LAnalytics Economy è già qui

È l’Analytics Economy il tema sul quale sono stati chiamati a dibattere la scorsa serata alcuni clienti e prospect di SAS Italy, quel nuovo paradigma economico dove gli Analytics vengono portati ovunque si trovino i dati e dove, al contempo, creatività, intuito e ragionamento diventano fondamentali per costruire un’unica strategia analitica e comunicare con le macchine. «Secondo me il binomio che oggi porta un’azienda al business digitale è dato da “dati e analisi” (modelli) e la differenziazione di valore delle aziende (che prima si basava sull’innovazione di prodotto) oggi diventa sempre di più basata sulla capacità di elaborare in maniera dinamica i dati e le informazioni», è l’esordio di Icardi.

«La capacità di profilazione degli utenti sulla quale costruire servizi differenzianti (ancor meglio se addirittura personalizzati) è oggi una delle sfide maggiori per quasi tutte le tipologie di aziende con le quali ci troviamo a interloquire», prosegue nel ragionamento Icardi. «Oggi i prodotti, i servizi (ma anche le piattaforme software) si copiano in pochi mesi. Sono il valore accumulato sui dati e l’esperienza e le competenze maturate sui modelli analitici a rappresentare gli elementi distintivi di competitività ed innovazione».

Data Analytics: la sfida è passare dalle analisi descrittive a quelle prescrittive

I dati del mercato italiano mostrano una buona accelerazione degli investimenti su Cloud, IoT e Analytics, a testimonianza di come l’attenzione sul dato sia oggi più concreta che mai: «le aziende leader oggi fanno evolvere i propri sistemi fino ad avere architetture completamente automatizzate attraverso le quali costruire nuovi servizi; in quest’accezione, il Paas sta diventando “la cassetta degli attrezzi” con la quale sperimentare percorsi di innovazione per esempio nell’ambito degli Advanced Analytics e dell’Intelligenza Artificiale», è quanto esposto da Stefano Mainetti, CEO dell’incubatore d’impresa e startup PoliHub e professore del MIP – School of Management del Politecnico di Milano.

Tuttavia, il “cambio di passo” non è semplice. «tutte le aziende sono in grado oggi di fare analisi descrittive – commenta Mainetti – ma quando si deve fare il salto verso le analisi predittive o ancor di più verso quelle prescrittive o totalmente automatizzate, i percorsi si complicano e le aziende devono far fronte a sfide che non sono solo tecnologiche ma anche organizzative e, soprattutto, legate alle competenze».

Servono competenze nuove: Data Scientist cercasi!

Se la sfida primaria è riuscire a tradurre in informazioni utili la moltitudine di dati con una capacità analitica che deve diventare pervasiva nelle aziende ma che deve cominciare là dove i dati vengono generati, è innegabile che tale obiettivo lo si possa raggiungere solo attraverso adeguate competenze, non solo di dominio verticale di business e di processo (indiscutibilmente necessarie) ma anche, e soprattutto, di analisi e modellazione specifiche per guidare il corretto utilizzo dei dati in contesti di industry diversificati.

«In una tavola rotonda cui ho partecipato pochi giorni fa – racconta Icardi – è emerso che le maggiori sfide cui devono far fronte oggi i CEO delle aziende italiane sono la digitalizzazione, l’innovazione e la focalizzazione sui clienti.

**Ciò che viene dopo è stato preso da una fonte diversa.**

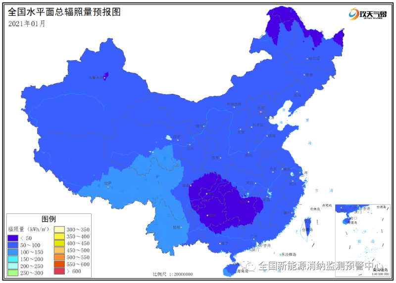 附圖2 全國2021年1月水平面總輻照量預(yù)報(bào)圖

Far finta che queste tendenze non stiano impattando sulle proprie aziende potrebbe essere pericoloso, siamo tutti esposti e coinvolti in una profonda trasformazione dei modelli di business che negli ultimi cinque anni ha già mostrato tutta la dirompente forza con la quale coinvolge le organizzazioni di tutto il mondo».

Ci stiamo spostando verso modelli di “affari” e di proposta di beni e servizi cui solo cinque anni fa non eravamo abituati ma che, in modo persino naturale, sono già oggi parte del nostro quotidiano. «Non c’è da stupirsi quindi se sono gli stessi amministratori delegati a prevedere prossimi investimenti tecnologici per le proprie aziende – prosegue il suo racconto Icardi -. Le soluzioni per l’analisi dei comportamenti di clienti/utenti e l’Intelligenza Artificiale sono le due aree di investimento con maggior focus d’attenzione da parte dei numeri uno aziendali».

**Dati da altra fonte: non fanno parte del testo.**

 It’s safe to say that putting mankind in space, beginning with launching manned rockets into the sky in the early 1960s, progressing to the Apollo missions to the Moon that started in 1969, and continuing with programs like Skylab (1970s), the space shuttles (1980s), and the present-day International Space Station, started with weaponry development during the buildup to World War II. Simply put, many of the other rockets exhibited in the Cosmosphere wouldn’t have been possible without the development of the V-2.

«Non stupisce dunque che quasi la metà delle aziende italiane che abbiamo monitorato quest’anno prevede, per il 2018, di inserire nel proprio staff almeno un Data Scientist», è l’eco di Mainetti.

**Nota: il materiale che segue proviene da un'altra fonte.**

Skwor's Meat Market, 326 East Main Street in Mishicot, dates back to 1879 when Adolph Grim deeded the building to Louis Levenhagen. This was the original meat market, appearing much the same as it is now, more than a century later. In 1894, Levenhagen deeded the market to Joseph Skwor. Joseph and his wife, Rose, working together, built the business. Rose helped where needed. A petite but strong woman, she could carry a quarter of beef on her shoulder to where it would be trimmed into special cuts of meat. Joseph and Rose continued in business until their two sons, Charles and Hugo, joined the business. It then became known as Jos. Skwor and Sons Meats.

Intelligence: il collante per l’Analytics Economy

Tutte queste sfide richiedono oggi «piattaforme tecnologiche che viaggino in Cloud, che abbiano il real-time, che permettano l’instant processing dei dati che arrivano dai “generatori di informazioni” (sensori, dispositivi vari, macchine, “cose”). La sfida è riuscire ad elaborare le informazioni là dove esse vengono generate: è questo il tipo di visione prospettica che devono avere le aziende che intendono percorrere una strada nel percorso digitale», commenta Icardi.

Per sostenere l’Analytics Economy, ancor di più in aziende che intendono abbracciare anche la componente di Intelligenza Artificiale, «servono gli adeguati pilastri tecnologici e organizzativi – commenta Angelo Tenconi, Analytics & Technology Director di SAS -; sono necessari i sistemi IT in grado di “sopportare” e supportare progetti in chiave digitale (sapendo a priori che è necessario ragionare sulla coesistenza e integrazione di sistemi legacy con tecnologie più moderne e open); analogamente sono cruciali le cosiddette “things” che aiutano ad automatizzare i processi e al contempo rappresentano le fonti (sensori e dispositivi) che generano dati utili per l’azienda; è vitale modellare un ecosistema di fornitori e partner che collaborino ma soprattutto integrino visone e tecnologie; infine, non vanno dimenticati gli utenti che sono ormai abituati ad avere una interazione diretta e sempre più digitale con le aziende (considerazioni che valgono ovviamente anche nelle relazioni B2B)».

Di questi quattro pilastri l’Intelligence (che dal punto di vista tecnologico va intesa come strumenti di Advanced Analytics e di Intelligenza Artificiale) ne è il collante. «Poter reagire velocemente è oggi la discriminante per sopravvivere e prosperare nel proprio business», osserva Tenconi. «I dati e la loro analisi nel momento e nel luogo giusto diventano allora il vero motore dello sviluppo».

E se spostare le capacità di Analytics vicino a dove viene prodotto il dato diventa fondamentale per accelerare progetti di IoT e Intelligenza Artificiale, il “motore” tecnologico «deve essere rappresentato, a nostro avviso, da una piattaforma che assicuri all’azienda la capacità di gestire tutti i tipi di dati, integri funzionalità di discovery per sviluppare Advanced Analytics e consenta di portare questi modelli analitici in ambienti produttivi», conclude Tenconi.